First of all, does it seem realistic to you that Delphi is only 0.02% behind C#? I’d love it to be true, but all other evidence points to C# being much more popular than Delphi. Unrightly so in my opinion, but true nevertheless. I’m not saying that the TIOBE index is fixed or anything, but it must be fatally flawed somewhere.
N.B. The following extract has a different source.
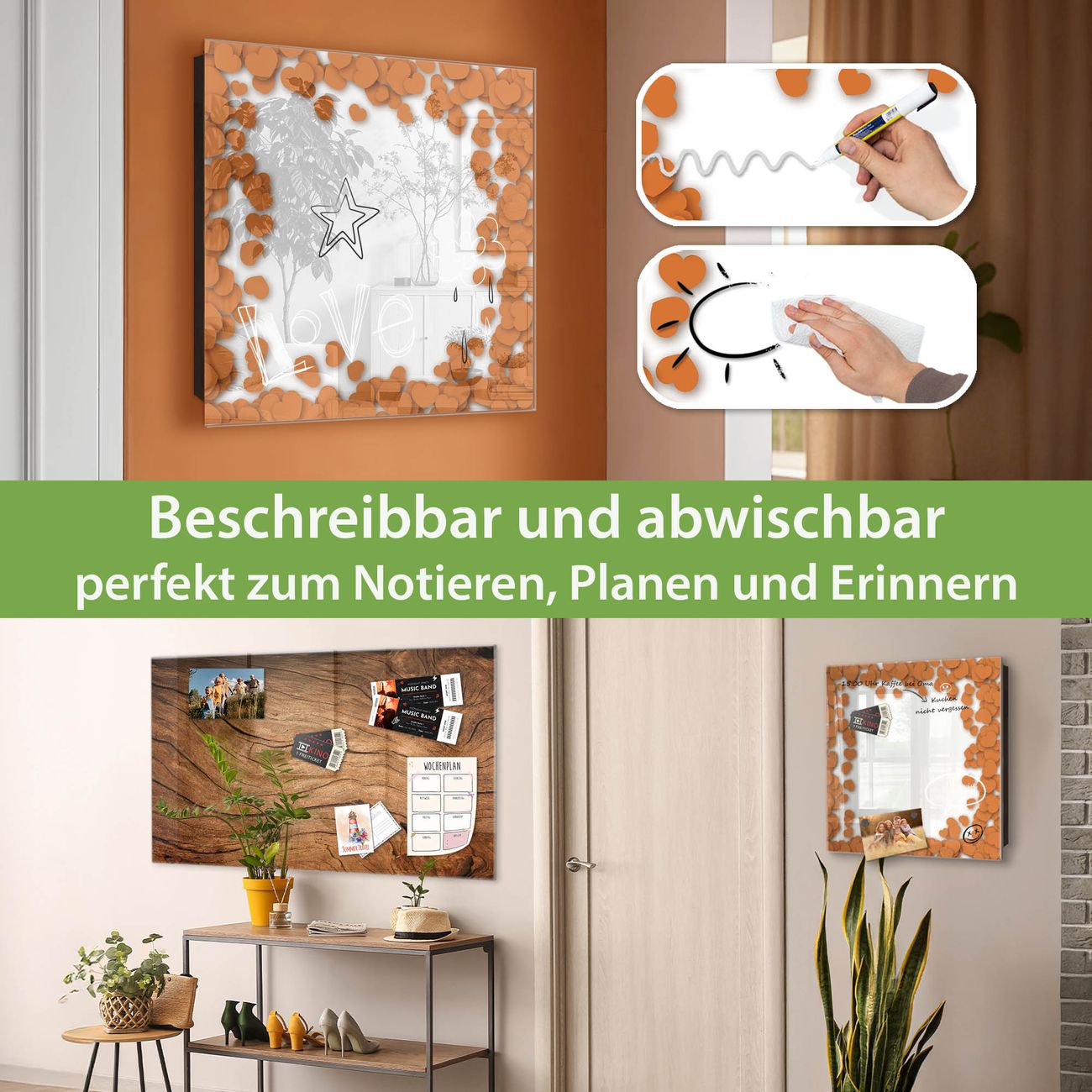 ✅ Magnetisch und mit Kreidestift beschreibbar, gehärtetes Glas, links angeschlagene TürOrdnung und Design in einem

So I thought, what could we use as an index of programming language popularity? Someone mentioned job-listings, which is probably a very good indication, but jobs vary geographically, and usually job-listings are specific to a country or region. So for example, looking at a US job listing site would not give you the true state of a particular language in the world. There has to be something more relevant.

Then I thought, how about StackOverflow.com. For those not familiar with StackOverflow.com, have a look at my last post. If we could count the number of questions for a given language, wouldn’t we get a fair idea of the current popularity of a language? If people are asking questions about a language, it’s because that language is being used. It has to be a better indication of current use than how many times a search engine can find some particular words.

So here it is. I’ve taken the top 20 languages from the TIOBE Index, and extracted the number of questions for that particular language from StackOverflow.com by looking at the corresponding tags for that language. I’ve had to use several tags for some of them. For example for Delphi, I took Delphi, Delphi2009, Delphi7 and Delphi-programming.  I may have missed a few tags, but I think I managed to get all the main ones. I also took only the top 20 and not all 50 languages in the list, as it seemed like too much hard work.

Position TIOBE Position Language Stackoverflow Ratings
1 7 C# 26.381%
2 1 Java 15.933%
3 3 C++ 12.126%
4 10 Javascript 9.239%
5 5 PHP 8.560%
6 6 Python 7.988%
7 11 Ruby 4.887%
8 2 C 4.764%
9 4 (Visual) Basic 4.438%
10 9 Perl 1.893%
11 8 Delphi 1.770%
12 18 Actionscript 1.449%
13 13 PL/SQL 0.262%
14 20 Lua 0.166%
15 17 COBOL 0.064%
16 14 SAS 0.027%
17 15 ABAP 0.027%
18 16 Pascal 0.027%
19 12 D 0.000%
20 19 Logo 0.000%

Why has C# gone from 4% to 26%? Well, StackOverflow.com may just be a magnet for .net developers. Actually, I think it was seeded from a .net questions and answers forum which used to live on the Joel On Software page. I still think C# should be closer to the top than the TIOBE index gives it credit for.

Why is Delphi so strong on the TIOBE index, and not so strong on StackOverflow.com? Perhaps the Delphi community just hasn’t found out about StackOverflow.com yet. Perhaps Delphi is easier to use, and you simply don’t have the same number of questions needing answers. Maybe other Delphi resources, be they web sites or books or whatever, are so good that we don’t need StackOverflow.com as much as say Java developers do. Or it could simply be the fact that there are more C# and Java developers out there than there are Delphi developers.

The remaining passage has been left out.